There is a fourth and final philosophy by which some of us live our lives, and it boils down to this: do not go quietly into that dark night. Draw a fourth circle on that now-crowded Venn diagram and you’ll see that while it intersects the greedy and authoritarian circles, and even has a tiny overlap with the greedy authoritarian bit, it doesn’t quite intersect with the third circle, the worshipers. It holds up a mirror to their self-destruction. Call it the circle of the necromantic apostates. That’s where I stand, whether I’m greedy or authoritarian or both. (I don’t think I’m either, but how can I be sure?)
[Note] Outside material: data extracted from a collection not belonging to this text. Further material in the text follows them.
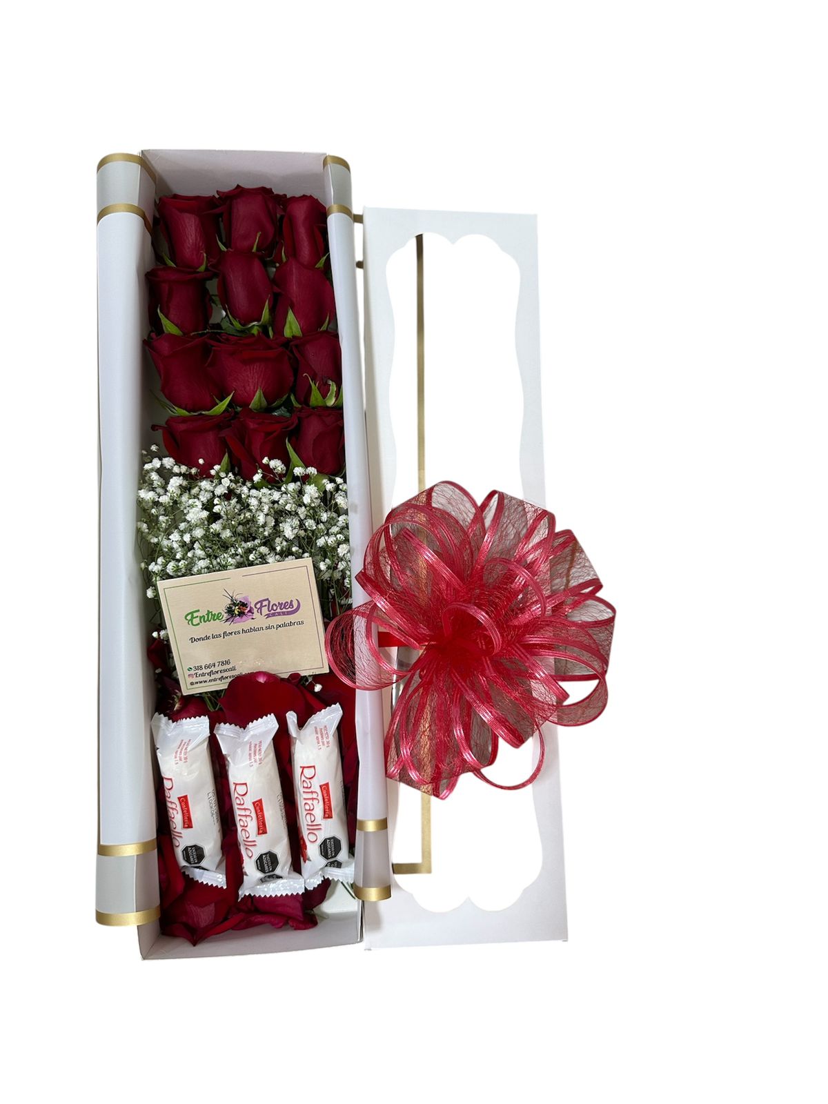 Caja de rosas y chocolates Raffaello
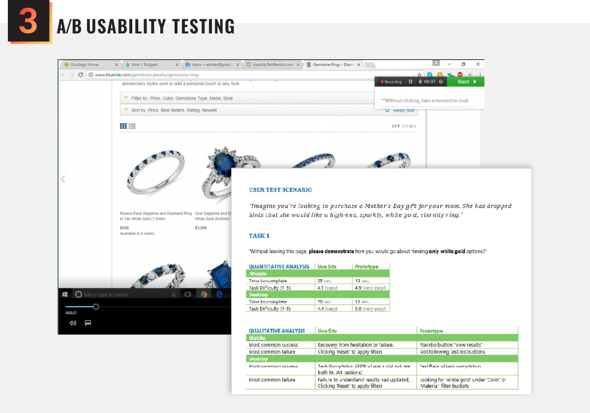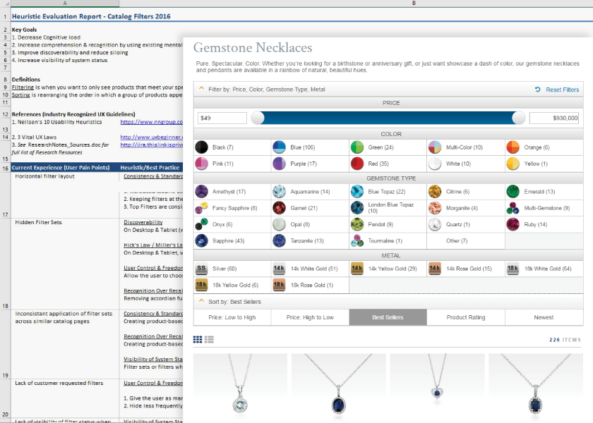 Overhauling Blue Nile’s e-commerce catalog filters resulting in a 25% decrease in bounce rate and an 80% decrease in user-error rates.
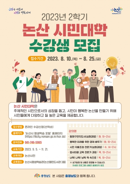 [충청뉴스큐] 논산시가 시민사회의 주체적인 성장을 돕고 남녀노소가 행복한 논산을 만들기 위해 운영하는 ‘논산 시민대학’이 2학기 수강생을 모집한다.
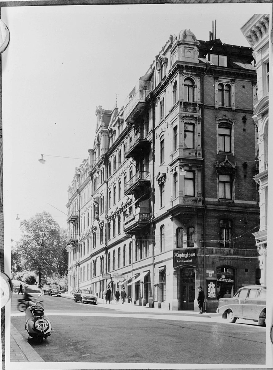 Hörnhuset Drottninggatan-Tegnérgatan före rivningen. Fasaden mot Tegnérgatan. I fonden skymtar Tegnérlunden. I hörnet Aspingtons välkända antikvariat. Foto 1959.
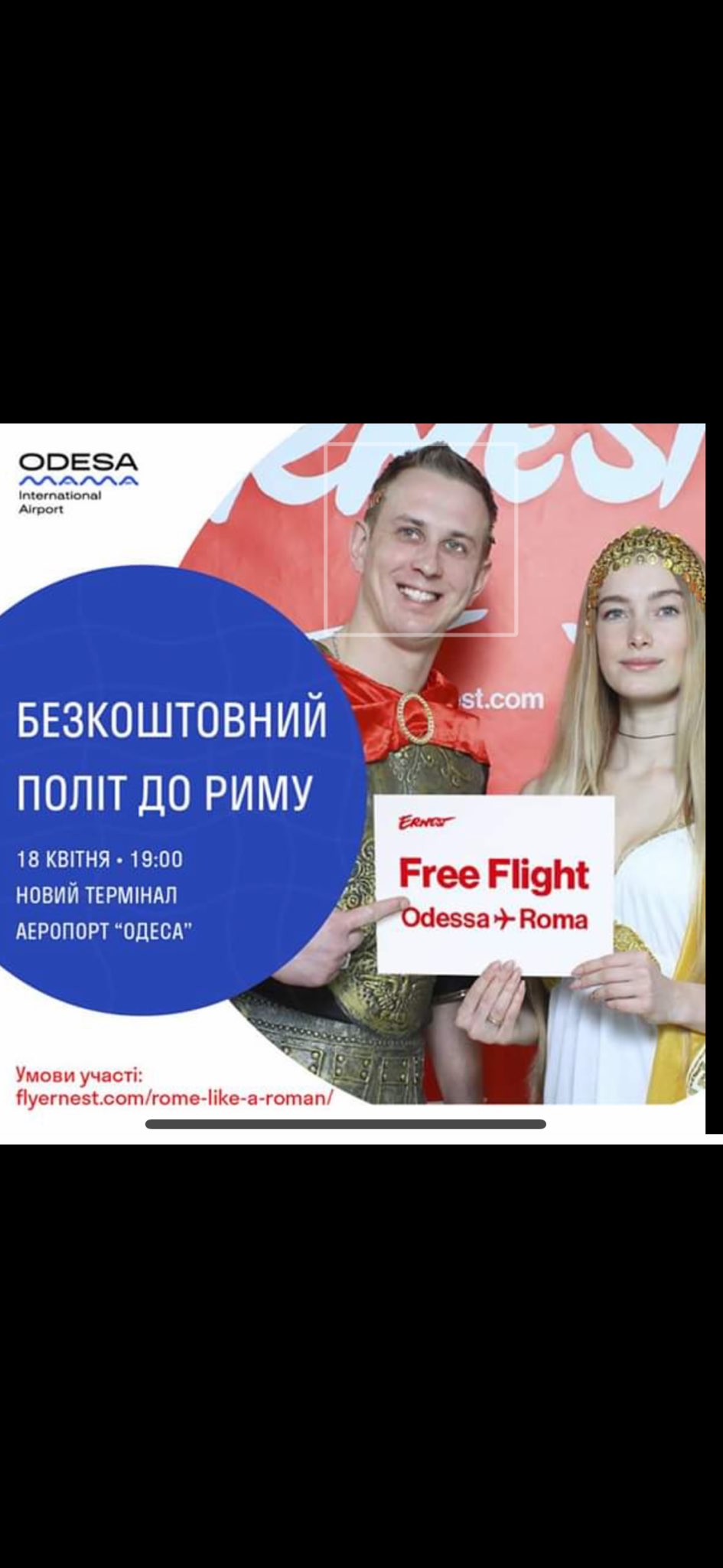 Присоединяйся к празднованию первого полета Ernest Airlines из Одессы в Рим — приходи в костюме древнего римлянина и получи шанс выиграть бесплатную поездку!

I may believe in mind-eating horrors from beyond spacetime, but they’ll have to break my neck before I bend it to their yoke.

Keep telling yourself that, Bob.

The Fuller Memorandum pic_17.jpg

MO CARRIES HER VIOLIN AND FOLLOWS DR. WILLIAMS AS HE picks up a chipped plywood tea tray and backs through a swinging door, carrying the jar of paper clips and the stapler. The glass window in the door is hazed by a fine wire mesh, and the edges of the door are lined with copper fingers that close against a metal strip inside the frame. Williams places the tray on one end of an optical workbench, then bolts the door and flips a switch connected to a red lamp outside his office.

“You’ve worked with one of these before?” he asks.

“Of course.” Mo shrugs out of her jacket and hangs it on a hook. “It’s the entanglement-retrieval bit I’m unfamiliar with. That, and I may need a lab report. I know my limits.”

“Good.” Williams’s smile is humorless. “Then if I tell you to stay in the isolation grid over there you know what the consequences are for getting things wrong.”

“Indeed.” She opens the violin case and removes her bone-white instrument and its bow. Williams stares at it for a moment.

“Do you really need that?”

“When I said they’re targeting me, I wasn’t exaggerating. Besides, the document they stole was a report on this very instrument. If they’re trying to backtrack from it to find the original, then when you bring up the Adams-Todt resonance it might lead them here.”